Title: Examine Your Faith!
Author: Pamela Christian
Publisher: WestBow Press
ISBN: 978-1-4497-9919-9

“Confident belief for what is not yet proven, or that which is not yet experienced, can only exist once a person has sufficient objective, verifiable evidence and/or experience. The term sufficient is key – what is sufficient for one may not be for someone else,” Pamela Christian states in her book, Examine Your Faith! Finding Truth in a World of Lies.

At two hundred and twelve pages, this paperback book is targeted toward readers seeking a solid foundation in their religious faith in God. The writer believes that if you find truth for yourself in what you believe, you will obtain a confident faith. Using mostly the New King James Version of the Bible, there are chapter endnotes on other references used.

After having her own personal crisis in her faith, Christian had to research and reinvent her belief-system in a Supreme Being.

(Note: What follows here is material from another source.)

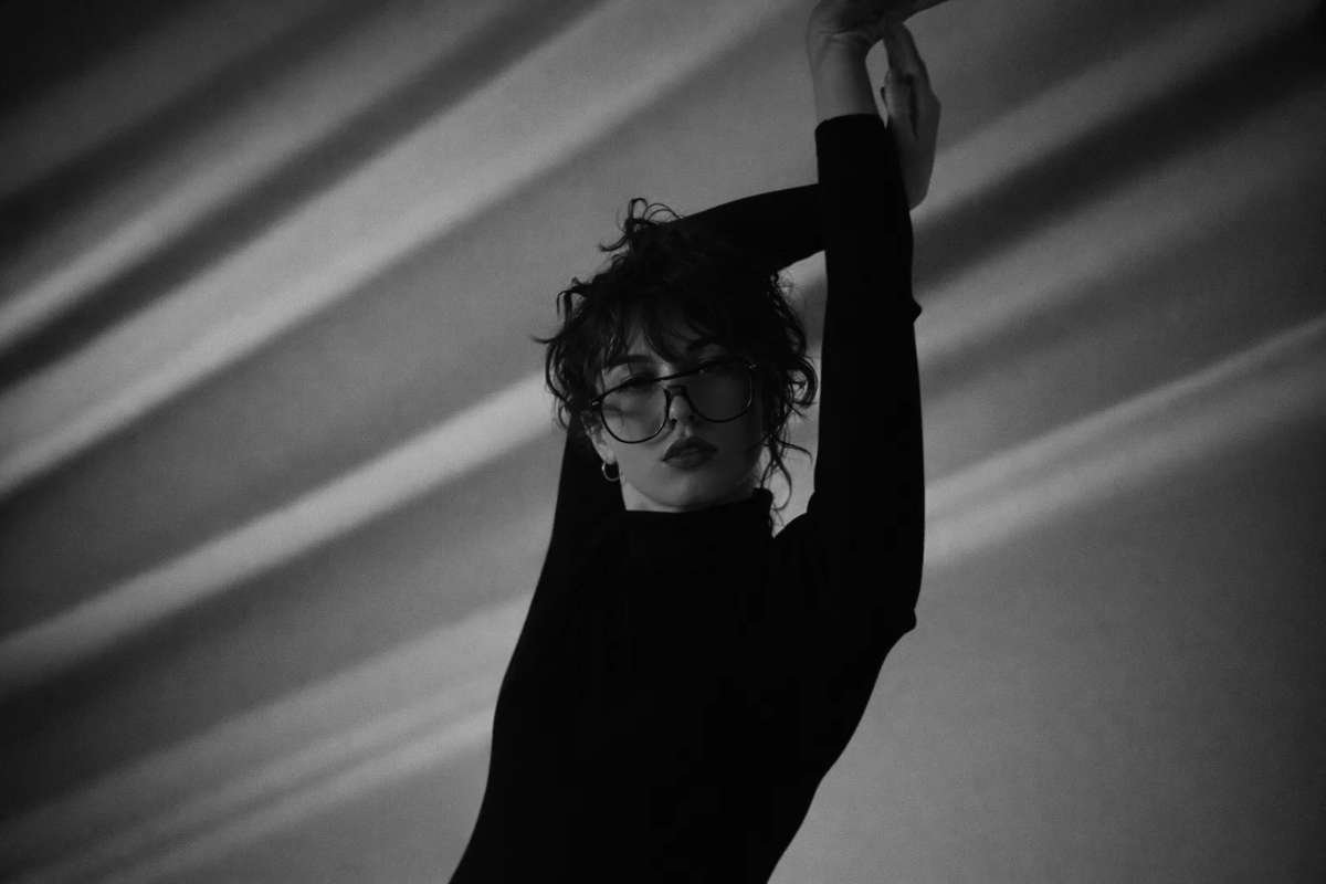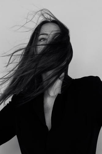 A sleek black high-neck top that defines effortless sophistication with a bold, artistic edge.

In her search, she explored the lies of religious tolerance of syncretism, the deception of education, the equality of religions, and the examination of evidence of faith. She learned that by mixing different faiths, it produces a lack of core convictions, people have been trained, not educated, and faith is based on personal preferences.

With the book divided into three parts of defending, discovering and deciding the Truth, the author first explains relativism, revisionism, and religious pluralism. In the second part, there are discussions of five major religious faiths and secular points of view that include Judaism, Buddhism, Hinduism, Islam, Christianity, and secular New Age / Humanism. In each chapter on these religions, history of founder and faith, teachings, distinctions, and Americans’ reactions are discussed. However, there is no mention of what some consider cults invented by Mormons or Jehovah Witnesses and their current infiltration into the Christian community in America.

The third part of the book is dedicated to why Christianity works, giving viewpoints from individuals who believed in other religions and their testimonies how each found the True Way. The author explains good versus evil, different views of Jesus within religions, Biblical and historical findings on Christ’s birth, prophecies fulfilled and evidence of Jesus’s resurrection.

Completing with the plan of eternal salvation with a confident faith, this book is an asset to those individuals who are on the fence about their religion and need clarification in regard to Jesus Christ. Although it does not go into detail other cults and religions growing in popularity today, one can glean confidence in one’s faith-based beliefs.

This book was furnished by The Book Club Network, Inc. in lieu of an unbiased review.

This review will be posted on DeeperShopping, Bookpleasures, and Amazon with links on Bookfun, LinkedIn, and Pinterest.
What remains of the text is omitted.